Я была так бесстрашна лишь потому, что эти тексты не были моими. Со своими я бы не смогла обращаться подобным образом. Не смогла бы расчленять, резать и пришивать. Но у меня не было своих текстов. Были лишь чужие любовные и фантастические романы с бродячими сюжетами вроде «от ненависти до любви», «красавица и чудовище», «богач и простушка», «из грязи в князи» и другие. Все это я читала столько раз, что увидев то, что я уже ни раз «оперировала», только в слегка видоизмененном обличье, из раза в раз снимала очки и терла глаза, переводя взгляд на окно, надеясь, что в этот раз рукопись меня хоть немножечко пощадит.

Многие думают, что редакторы действуют слепо, правят текст почти бездумно, помня, какое слово как пишется и где ставится запятая. Но этого было бы мало. Чтобы стать хорошим редактором, необходимо найти нужный шов, сделать надрез, и наконец, влезть в шкуру текста, чтобы изучить его изнутри, перечитав столько раз, сколько потребуется для того, чтобы сводобно в нем ориентироваться. Нам нужно понять автора. Не соглашаться с ним, но и не идти против, и всегда смотреть в сторону читателя, а точнее туда, куда он сам смотрит. Меня самой как таковой в этом процессе никогда не было и не будет. Я была всего-навсего третьим лицом, о котором никто, кроме писателя и его книги, так никогда и не узнает.


Солнце уже напекало макушку. Я в последний раз потянулась и закрыла глаза, чувствуя, как нагреваются мои веки, а перед ними встает расплывчатое ярко-оранжевое пятно. Солнце отражалось во всем на свете. В окнах и перилах белокаменного здания «The Silence», которое мы все простенько величали словом «Тишина», порой звучащим нечленораздельным набором шипящих. В велосипедной раме где-то в низине, где я могла рассмотреть еще и улыбающегося мужчину, в белоснежных зубах которого солнце, должно быть, тоже ни раз потерялось. Оно отражалось в моих солнечных очках, запутавшихся в ярко-зеленой траве. В стеклянной бутылке, на дне которой еще оставалось немного янтарного лимонада, но уже почти что без газа. В водной глади, пестрящей мириадами солнечных зайцев. В тысячах крошечных зеркал, которые прямо сейчас прохожие доставали из своих карманов, чтобы на что-нибудь посмотреть. И в моих волосах, которые должны были отливать сияющим красным, но я бы этого не увидела.

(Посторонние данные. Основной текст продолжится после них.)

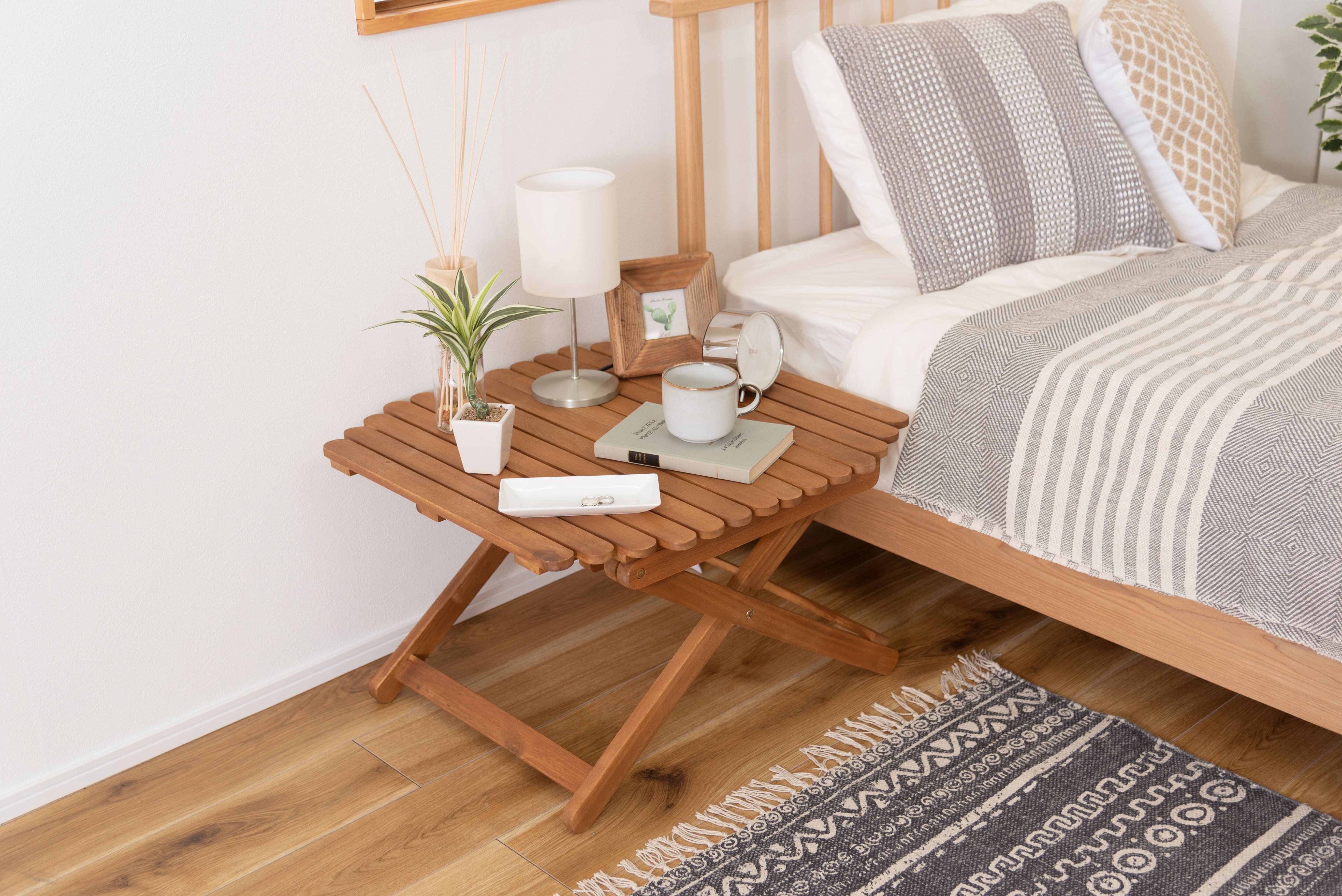 折りたたみが可能なローテーブルになります。室内外問わずお使いいただける商品です。

Иногда я сидела здесь, на холме, когда выдавались особенно погожие деньки. Отсюда было видно череду разноцветных черепиц, красных, коричневых, синих и желтых; колесо обозрения, что прямо сейчас зависло в воздухе и начало откатываться в обратную сторону; широкие улицы, по которым еле передвигались люди, крохотные, словно блохи планеты; огромную лестницу с памятником, название которого я всегда забывала; кусочки путей вагонов метро, которые то и дело появлялись в небе из ниоткуда и уходили обратно под землю, на пару мгновений сотрясая воздух стуком железных колес. Словом, можно было сидеть здесь и просто смотреть. Смотреть на то, как солнце накрывает собой весь город.

Частенько я брала с собой перекус в виде кофе, ягод, фруктов или бутербродов с сыром. Словом, что-нибудь, что можно было съесть на траве без вилки, постелив под собой коротенький плед, который я втихушку брала из комнаты отдыха, а потом привычно возвращала назад, так что пропажи никто так и не успевал обнаружить.

На холме с обратной стороны издательства мало кого можно было встретить, поэтому я и забиралась сюда, чтобы побыть в одиночестве. Зачастую во время обеда мои коллеги расходились кто куда, низко повесив головы, — все же, в офисе отвыкаешь от настоящего солнца. Кто уходил в город, кто по домам, чтобы через часик-другой снова собраться вместе за пыльными столами и еле работающими вентиляторами. Конечно, многие оставались на своих местах, а то и забирались в отдельные комнаты, где никто друг с другом не разговаривал. Понимание одиночества у всех было свое. Но у нас в издательстве оно было на вес золота.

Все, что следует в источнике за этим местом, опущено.